The situation is calm in Hargeisa and other regions, with the Somaliland government proclaiming neutrality in relation to the situation in the South. Certainly the Islamists fleeing Mogadishu and other cities which the Union of Islamic Courts controlled did not attempt to take refuge in Somaliland believing it unsafe or unable to gain access by land. There will be demonstrations called for by the government to proclaim Somaliland’s independence and sovereignty.
The only significant incident was when Ali Gedi, following the Islamists defeat, declared all the Somali borders (including Somaliland) closed for flights, ships or vehicles by land. There was an immediate response from the Somaliland Minister of Foreign Affairs, Abdillahi M. Dualle, saying that Gedi’s announcement was not relevant to Somalilandsince the latter is a separate state. He further declared that airports and seaports within Somaliland territory were open as normal to all commercial flights and ships. Passenger flights and ships carrying livestock for the Hajj season continued to arrive in Somaliland without interruption. In an interview immediately after Somaliland’s response to closing the Somali borders, Gedi said that the TFG had no intention of attacking or sending forces to Somaliland- a wise move given the relative strength of forces and the fact that Ethiopia remains close to the government in Hargeisa.

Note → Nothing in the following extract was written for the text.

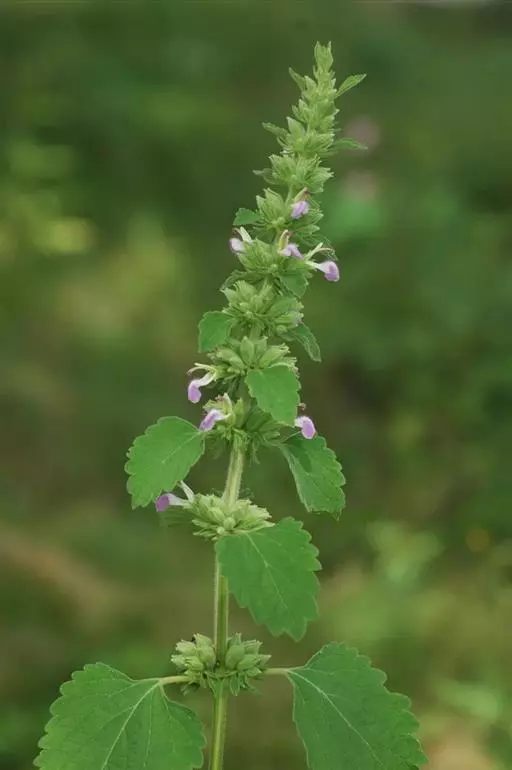 叶阔卵圆形,长4-9厘米,宽2.5-6.5厘米,先端急尖或短渐尖,基部截状阔楔形,边缘有不规则的牙齿,草质,上面榄绿色,被短伏毛,脉上尤密,下面灰绿色,有极密的白色短绒毛,在脉上的较长,叶柄长1-4.5厘米;苞叶叶状,向上渐变小,均超出轮伞花序,具短柄或近无柄。

According to local newspaper Haatuf President Rayale will travel to Ethiopia shortly, although the aim was not stated. Somaliland-Ethiopian relations remain strong. There is constant consultation on issues of border and trade security, and the Ethiopians living in the country were not affected by the war in the South.
The other positive move for Somaliland is that the cold war between it and the autonomous region of Puntland has died down as the focus shifted to the conflict in South and Central Somalia. Puntland and its forces were defending the TFG in the South as well as defending their own territory from the Union of Islamic Courts. Therefore the Puntland militias stationed in Sool region (historically part of Somaliland) facing Somalilandarmed forces have been reduced in numbers.
Whilst the threat from Islamists have receded for Somalilanders, there remain both external and internal problems. Having brought the TFG to power, how will Ethiopiadeal with Somaliland? Will they persuade the TFG to leave Somaliland alone, or persuade Somaliland to dialogue with the TFG in order to mitigate one danger facing them of the tie-up of Somali nationalism to political Islam?
The recent airstrikes and the ongoing conflict has compounded the suffering of the population in Southern Somalia already experiencing drought and poverty. The existing high degree of uncertainty and instability which for a time the rule of the Islamic Courts did something to abate is now back and whilst it would be unlikely for the Courts to be able to regroup for some time, the possibilities of renewed violent warfare remain high.